The Australian Dollar to Euro (AUD/EUR) exchange rate fell during Thursday’s European session as the ‘Aussie’ shed losses from the recent Reserve Bank of Australia (RBA) interest rate announcement.
The Australian Dollar exchange rate had initially rallied on the news that the RBA would be keeping interest rates stable at 2.25%, rather than making another cut as some economists had forecast.
In addition, Reserve Bank of Australia Deputy Governor Philip Lowe remarked that the Australian Dollar is overvalued—an event that’s been relatively frequent in recent months as the ‘Aussie’ exchange rate remains stubbornly high.
Lowe stated: ‘The scale of global monetary stimulus means that our exchange rate remains relatively high given the state of our overall economy. The end result here is that global developments have left us with a higher exchange rate and lower interest rates than would otherwise been the case. We may not like this configuration, but developments abroad give us little choice.’
Meanwhile, the Euro softened as the European Central Bank (ECB) gave a press conference and announced it was cutting inflation forecasts. The ECB suggested prices would be flat at 0.0% in 2015, a reduction from the previous 0.7% prediction.
However, a silver lining came when the central bank forecast a jump in 2016 inflation of 1.5% rather than the initial 1.3% forecast. Furthermore, ECB projections expect 2017 inflation growth to reach 1.8%.
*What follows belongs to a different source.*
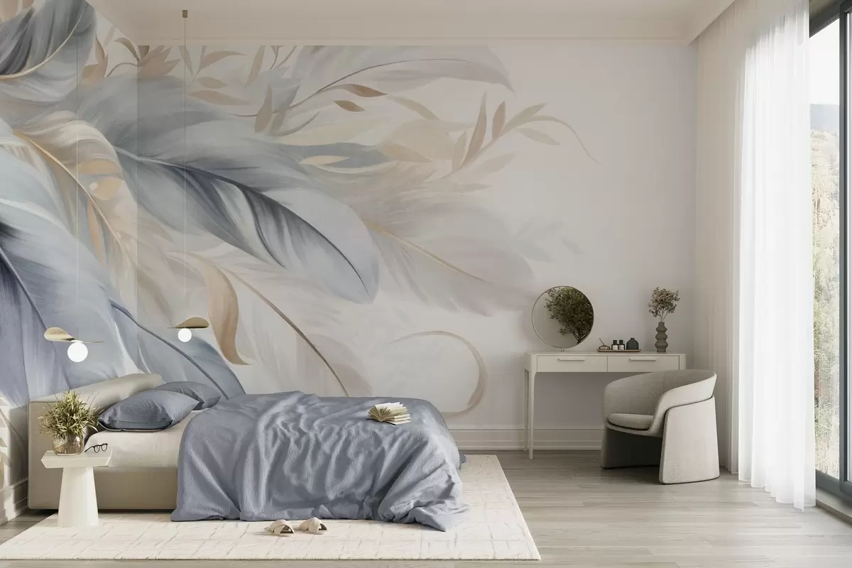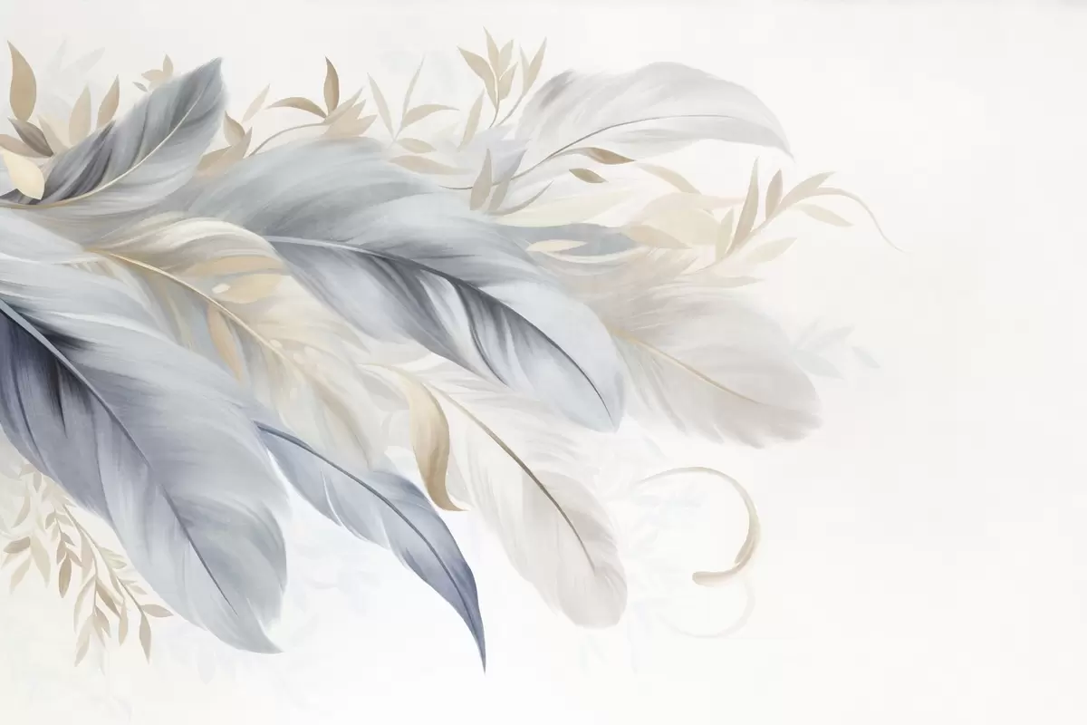 Fototapet Pene texturate în culori pastelate și frunze delicate pe un fundal deschis Nr. w09763

ECB President Mario Draghi did warn that the Eurozone’s economic recovery would be ‘dampened’ by balance sheet changes as well as a more lethargic pace of reforms.
Draghi also announced that quantitative easing would begin on March 9th and is named the Public Sector Purchase Programme (PSPP). However, Draghi’s statements came under fire from some industry experts.
One group of analysts stated: ‘Regarding the programmes duration, Draghi made no effort to clarify the two possible endpoints he had suggested in January: either September 2016 as a fixed date or once a sustained adjustment in the path of inflation is underway.’
‘The frequent use of “credit”, “recovery” and “unemployment” in his opening remarks today might suggest Draghi’s sense of urgency has not ebbed away since January. If sustained, this could eventually translate into a more flexible handling of the duration of the purchasing programme.’
The Australian Dollar to Euro (AUD/EUR) exchange rate could be in for fluctuations in Friday’s session with the release of German Industrial Production and Eurozone Gross Domestic Product (GDP) stats.
In addition, the Australian AiG Performance of Construction Index will also emerge.
The Australian Dollar to Euro (AUD/EUR) exchange rate is trading at 0.7056. The Euro to Australian Dollar (EUR/AUD) exchange rate is trending in the region of 1.4178.